範純仁微微一愣,眼中充滿着疑惑,站起身來,道:「耿明,當時可是王鴻擔任開封知縣。」
耿明抹着眼淚,是直搖頭。
「我問完了。」
範純仁坐了下
去。
我是來爲王鴻辯護的,這事跟王鴻半毛錢關係都沒有,至於那韋愚山,他也認爲該死,壓根就沒有想過爲韋愚山辯護。
張斐又起身道:「懇請主審官傳韋愚山上堂。」
趙拚先是讓人帶着王鴻下去休息,然後又傳韋愚山上堂。
過得一會兒,只見一個近四十歲的中年男子上的堂來,國字臉,濃眉大眼,橫看豎看,身材魁梧,儀表堂堂,看着是真不像一個作女干犯科之人!
「小民韋愚山參見趙相公。」
韋愚山拱手一禮。
趙拚就只是點點頭。
你就站着審吧!
這裡沒有你坐的位子。
韋愚山瞟了眼那座椅,倒也不敢說什麼,老老實實站在那裡。
這都還沒有開問,門口百姓對着韋愚山就是一陣唾罵。
平時他們可不敢罵,此時不罵更待何時。
許多觀審的百姓,其實就是爲了宣泄這種情緒。
韋愚山只能低着頭,掩耳盜鈴。
趙拚畢竟當過權知開封府,知道怎麼應對這種情況,等到百姓都罵得差不多了,他才一拍驚堂木,「肅靜。

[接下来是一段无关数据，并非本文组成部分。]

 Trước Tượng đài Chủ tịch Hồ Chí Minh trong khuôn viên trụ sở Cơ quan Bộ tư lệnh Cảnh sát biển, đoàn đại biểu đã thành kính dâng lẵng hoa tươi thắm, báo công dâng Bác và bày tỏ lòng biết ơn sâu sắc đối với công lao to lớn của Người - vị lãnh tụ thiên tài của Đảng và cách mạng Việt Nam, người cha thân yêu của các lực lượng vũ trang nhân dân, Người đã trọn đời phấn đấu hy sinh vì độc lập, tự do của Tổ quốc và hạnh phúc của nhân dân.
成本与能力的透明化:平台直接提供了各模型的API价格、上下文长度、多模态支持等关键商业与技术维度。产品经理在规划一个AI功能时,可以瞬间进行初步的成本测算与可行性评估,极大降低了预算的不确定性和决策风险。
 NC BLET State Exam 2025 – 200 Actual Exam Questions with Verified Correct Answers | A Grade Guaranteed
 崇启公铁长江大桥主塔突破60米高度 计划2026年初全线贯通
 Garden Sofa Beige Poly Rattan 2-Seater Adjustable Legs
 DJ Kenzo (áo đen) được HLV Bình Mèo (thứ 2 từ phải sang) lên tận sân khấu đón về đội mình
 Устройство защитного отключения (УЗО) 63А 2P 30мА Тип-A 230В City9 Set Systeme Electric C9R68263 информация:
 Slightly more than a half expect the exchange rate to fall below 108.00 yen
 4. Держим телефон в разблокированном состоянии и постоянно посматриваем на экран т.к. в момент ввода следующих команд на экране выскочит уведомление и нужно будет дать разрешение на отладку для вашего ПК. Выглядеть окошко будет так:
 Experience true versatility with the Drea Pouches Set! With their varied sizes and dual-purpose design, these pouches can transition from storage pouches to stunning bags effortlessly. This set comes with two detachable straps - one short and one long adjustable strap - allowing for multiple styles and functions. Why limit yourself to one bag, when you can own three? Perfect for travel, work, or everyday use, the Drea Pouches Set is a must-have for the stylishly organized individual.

」
等到門口漸漸安靜下來後,張斐站起身來,道:「韋愚山,關於三年前耿明一桉。」
韋愚山點頭道:「是***得。」
…
此話一出,一陣譁然之聲。
你這認得忒也乾脆了。
饒是趙拚、韓琦、富弼他們都驚訝地看着韋愚山。
我讓你認罪,也沒有讓你認得這麼爽快啊。張斐也愣了愣,好氣好笑道:「那你自己說說吧。」
韋愚山點點頭,道:「當時在新馬鄉的一二等戶裡,就屬他們耿家與我韋家最具威信,我當戶長的時候,可也沒有上他家催繳稅收,是別得里正去的,可他一當上里正,就來找我麻煩,我認爲他是借公職來打壓我們韋家。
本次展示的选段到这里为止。